- **WHAT TO WORK ON**
Every line of the listing must be reproduced as it stands. Leave the images behind.

- **EXERCISE DATA**
——————————

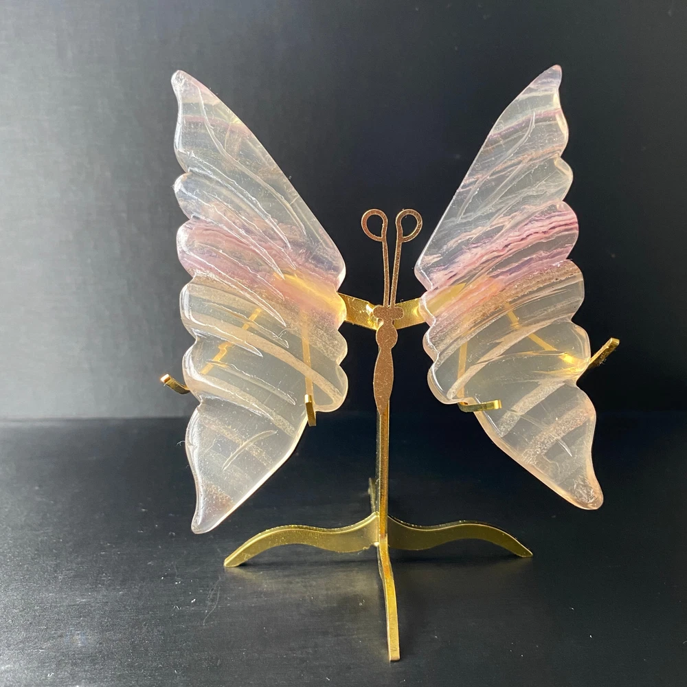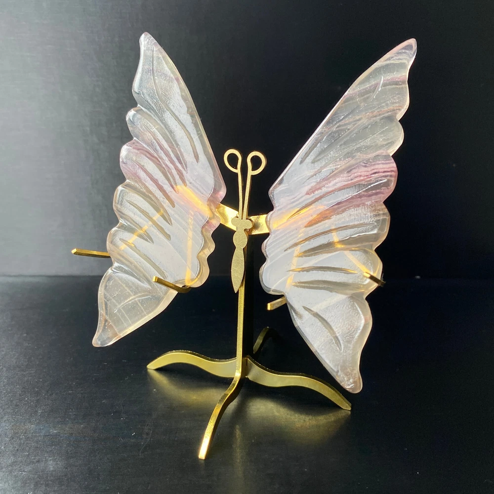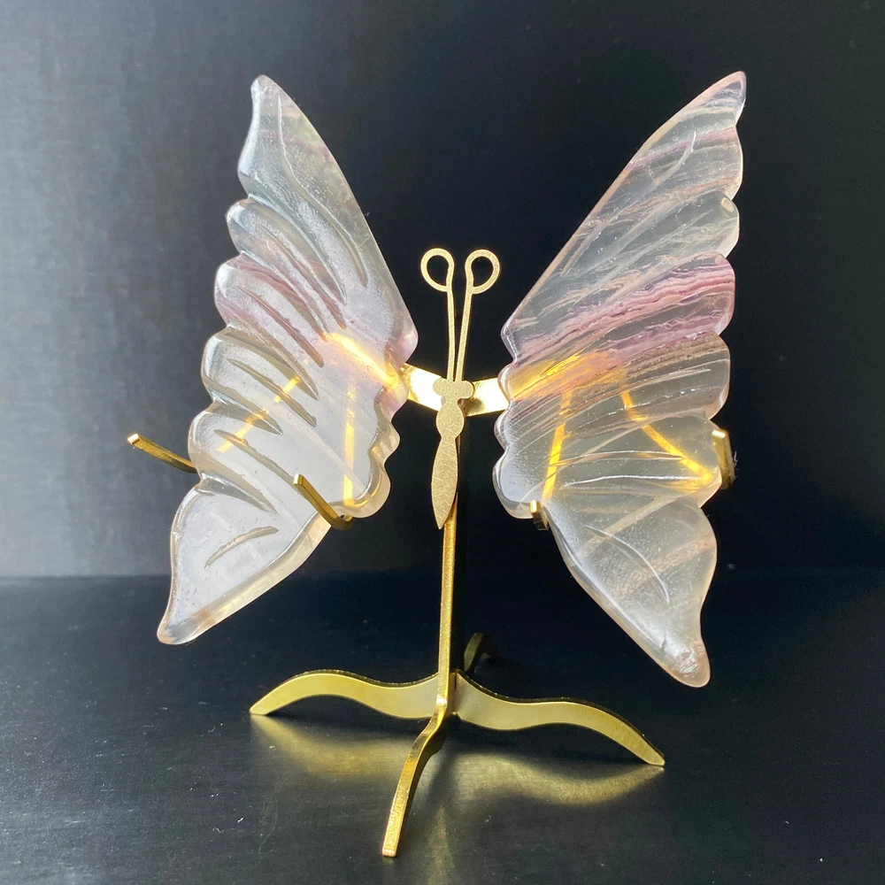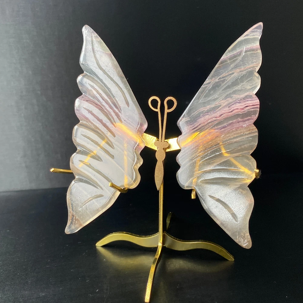 131G Natural Crystal Fluorite Butterfly Wings Healing Statue Decor + Stand
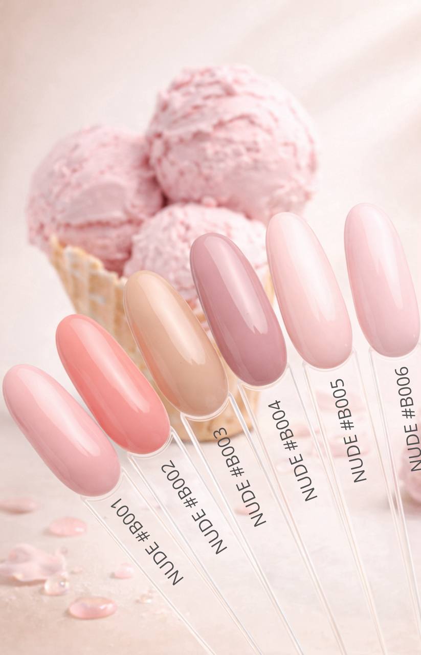 - NUDE B: нанесіть 1–2 тонкі шари гель-лаку для досягнення бажаної щільності.
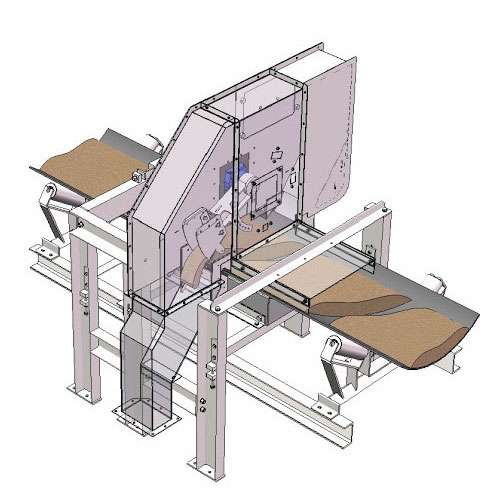 The REE Conventional Cross Stream Sampler is custom designed to be an integral part of the main conveyor head chute which meets the client’s specific requirements. The Cross Stream sampler is typically installed in new applications where large primary sample increments are required or space limitations exist prohibiting the installation of a Rotary Sweep Sampler along the conveyor. The REE Cross Stream Sampler is available with either an electro-mechanical drive mechanism.

——————————

- **RESULT**
 131G Natural Crystal Fluorite Butterfly Wings Healing Statue Decor + Stand
 - NUDE B: нанесіть 1–2 тонкі шари гель-лаку для досягнення бажаної щільності.
 The REE Conventional Cross Stream Sampler is custom designed to be an integral part of the main conveyor head chute which meets the client’s specific requirements. The Cross Stream sampler is typically installed in new applications where large primary sample increments are required or space limitations exist prohibiting the installation of a Rotary Sweep Sampler along the conveyor. The REE Cross Stream Sampler is available with either an electro-mechanical drive mechanism.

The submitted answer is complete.